In this article, we will discuss how to transcribe and translate speech using the UI interface of the Google Cloud platform. This article differs from the previous one, which focused on live translation. Here, we will learn how to transcribe audio files in the GCP UI interface. The audio file to be transcribed is longer than 1.5 hours, exceeding the 10MB limit of Google Cloud’s online transcription. Therefore, we need to upload the file to Cloud Storage first.
Speech-to-Text UI Interface
After the upload is complete, open the UI interface and create a new configuration by entering the required speech information as shown in Figure 1.
If you select a file that has already been uploaded to Cloud Storage, the system will automatically fill in the speech type, sampling rate, and other information, as shown in Figure 2.
Next, we need to enter the language used in the audio file. For example, English has different dialects such as British English, American English, Hong Kong English, and Singaporean English. We can also choose to add translation for three languages. Users can check the corresponding options according to their needs, such as converting the speaker’s emotions into corresponding expressions or converting the described punctuation into corresponding symbols, as shown in Figure 3.
In the next step , check the option to enable the model’s adaptive function according to your needs, and then click the “Submit” button to start processing the file. As shown in Figure 4, the file begins to be processed.
When the file processing is complete, a green checkmark will appear on the left side of the file. Click on the green checkmark to download the transcript. You can choose the file format you want to download, including CSV or TXT files, as shown in Figure 5.

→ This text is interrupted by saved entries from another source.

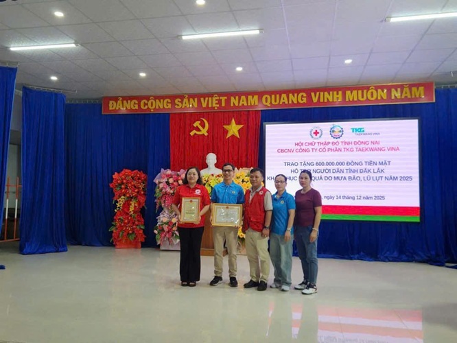 Nhằm kịp thời chia sẻ khó khăn với người dân bị ảnh hưởng bởi mưa, bão, lũ lụt năm 2025, ngày 14/12/2025, tại tỉnh Đắk Lắk, đoàn công tác Hội Chữ thập đỏ tỉnh Đồng Nai và BCH Công đoàn Công ty Cổ phần TKG Taekwang Vina đã tổ chức trao tặng 600 suất quà cứu trợ cho 600 hộ gia đình gặp nhiều thiệt hại trên địa bàn xã Phú Hoà 2 và phường Đông Hoà. Mỗi suất quà trị giá 1 triệu đồng, được trao trực tiếp tận tay các hộ dân bị ảnh hưởng nặng nề bởi thiên tai. Tổng giá trị đợt hỗ trợ lần này là 600 triệu đồng; Cụ thể: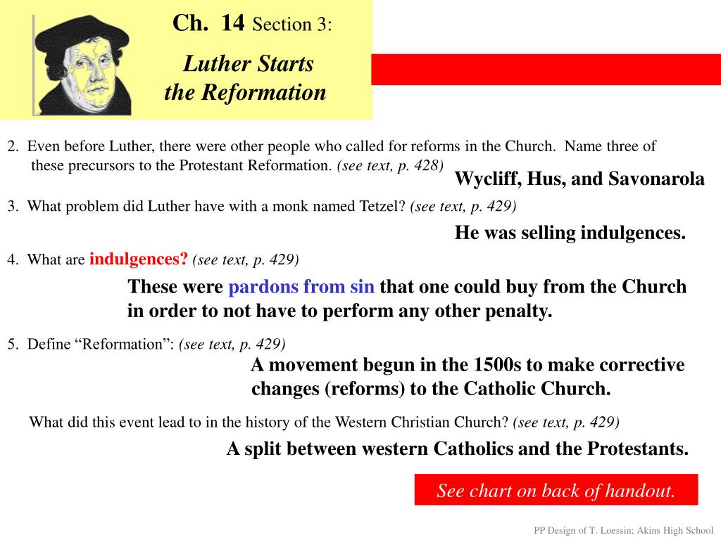 Ch. 14Section 3: Luther Starts the Reformation 2. Even before Luther, there were other people who called for reforms in the Church. Name three of these precursors to the Protestant Reformation. (see text, p. 428) Wycliff, Hus, and Savonarola 3. What problem did Luther have with a monk named Tetzel? (see text, p. 429) He was selling indulgences. 4. What are indulgences?(see text, p. 429) These were pardons from sin that one could buy from the Church in order to not have to perform any other penalty. 5. Define “Reformation”: (see text, p. 429) A movement begun in the 1500s to make corrective changes (reforms) to the Catholic Church. What did this event lead to in the history of the Western Christian Church? (see text, p. 429) A split between western Catholics and the Protestants. See chart on back of handout. PP Design of T. Loessin; Akins High School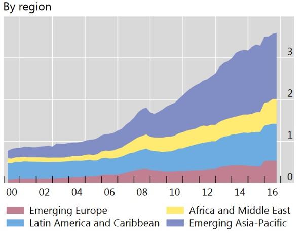 C’è però una Regione tra i mercati emergenti in cui il credito in dollari americani è diminuito: nella zona del centro, est e sud-est dell’Europa, anche conosciuta come Europa emergente. Qui, il debito in dollari è stato ridotto a 8 miliardi di dollari nel secondo e terzo trimestre del 2016.
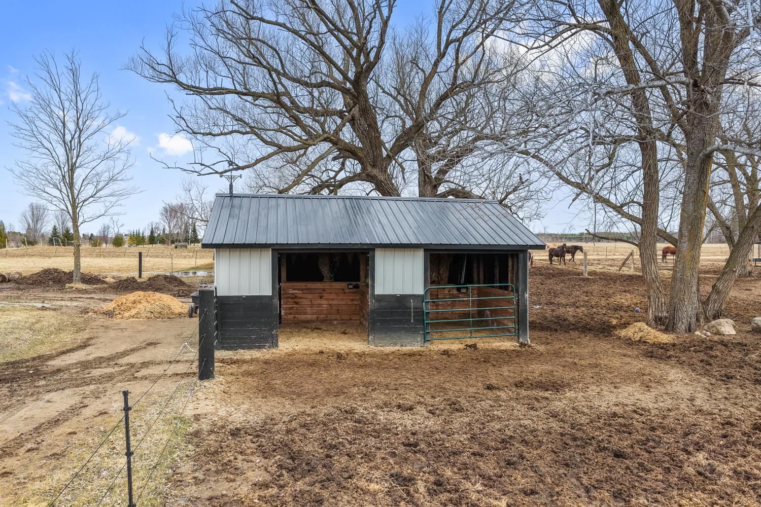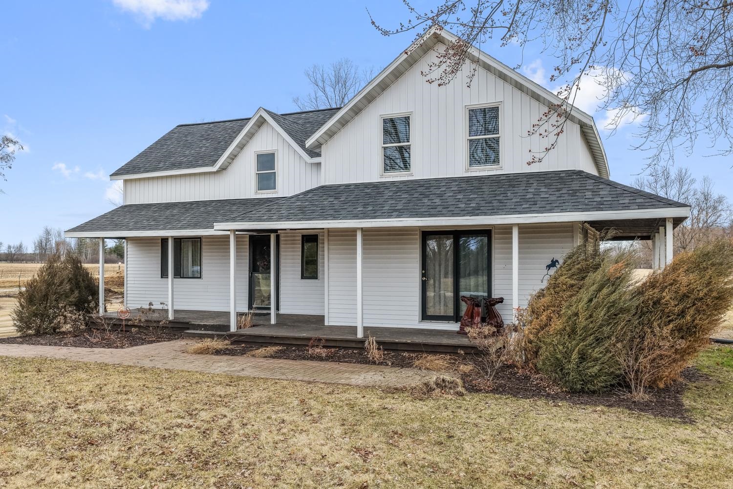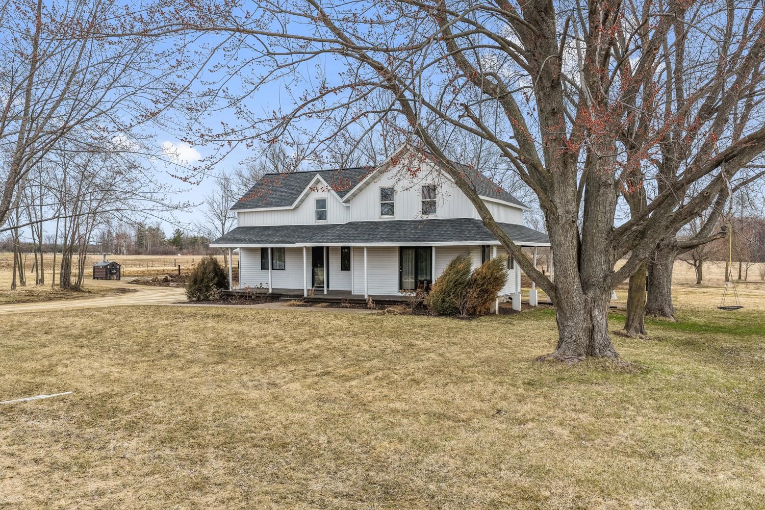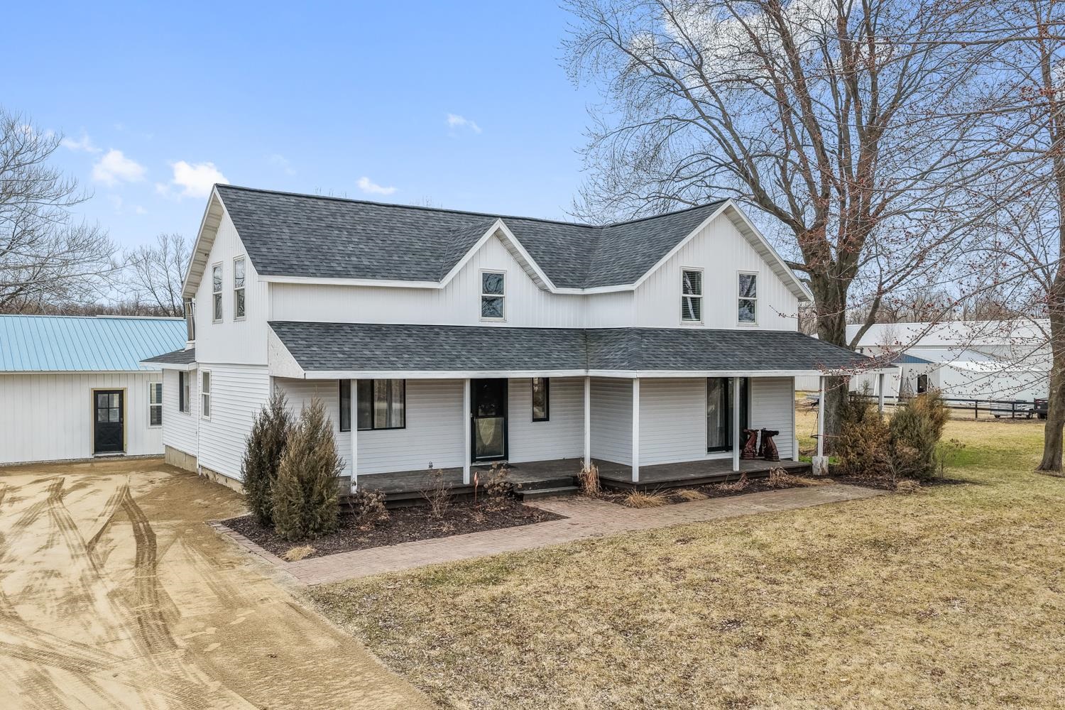 Horse Property! 4BR/1.5BA home set on a 10+acre lot greets w/covered porch opening to foyer. Kitchen w/butcher-block counters, pantry, ss appliances & sliding door opens to back-yard. Dining rm w/sliding door to porch. Huge LR w/cathedral ceiling, exposed beams & stone-faced wood-burning FP. Master BR w/walk-in cls & half-en suite w/partial open ceiling. 1st flr laundry w/W+D! Full BA w/hex-tile & modern vanity complete main flr. Upper lvl w/den/office space w/knotty pine, walk-in cls, large 2nd BR & BR's 3+4. Acreage w/ fenced areas, productive tillable land & 2 ponds! Detached garage/shed combo w/ great storage or potential finished space. Home heated by economical wood-fired hydronic forced-air system! Taxes TBD. *Adjacent 1 acre w/ barn & horse stables available w/ home for $799,900.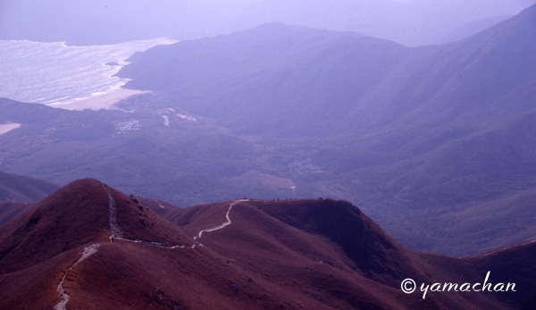 香港で最も好きな山の1つであるシャープ・ピーク手前の稜線。眼下は大浪村。

Now, we have successfully converted the speech file into a text file. Then, we need to translate it. The method used in this article is to directly download the JSON file from Cloud Storage, as shown in Figure 6. Then, we use Python to connect to the translation API for translation.
Translation API
We have used the new_speech.json file, which is a speech-to-text file downloaded from Cloud Storage. The following code shows how we use the API to translate English to the target language zh-TW, using a Neural Machine Translation (NMT) model, and save the result as a txt file. If you download the generated transcript file directly, you can choose settings such as whether to include timestamps and file type. Compared to downloading the JSON file and connecting to the API for translation, downloading the transcript file directly can more directly obtain the desired file content and type.
Summary
In summary, this article introduces how to use the UI interface of the Google Cloud platform for speech-to-text and translation. By uploading files to Cloud Storage and using the UI interface to create settings and fill in the required speech information and language options, the resulting transcription file can be downloaded as a CSV or TXT file. Next, using Python to connect to the translation API can translate the transcription file. If you need to directly obtain the desired file content and type, you can choose to download the transcript file. Through these steps, users can quickly and effectively perform speech-to-text and translation, and can perform more customized settings according to their own needs.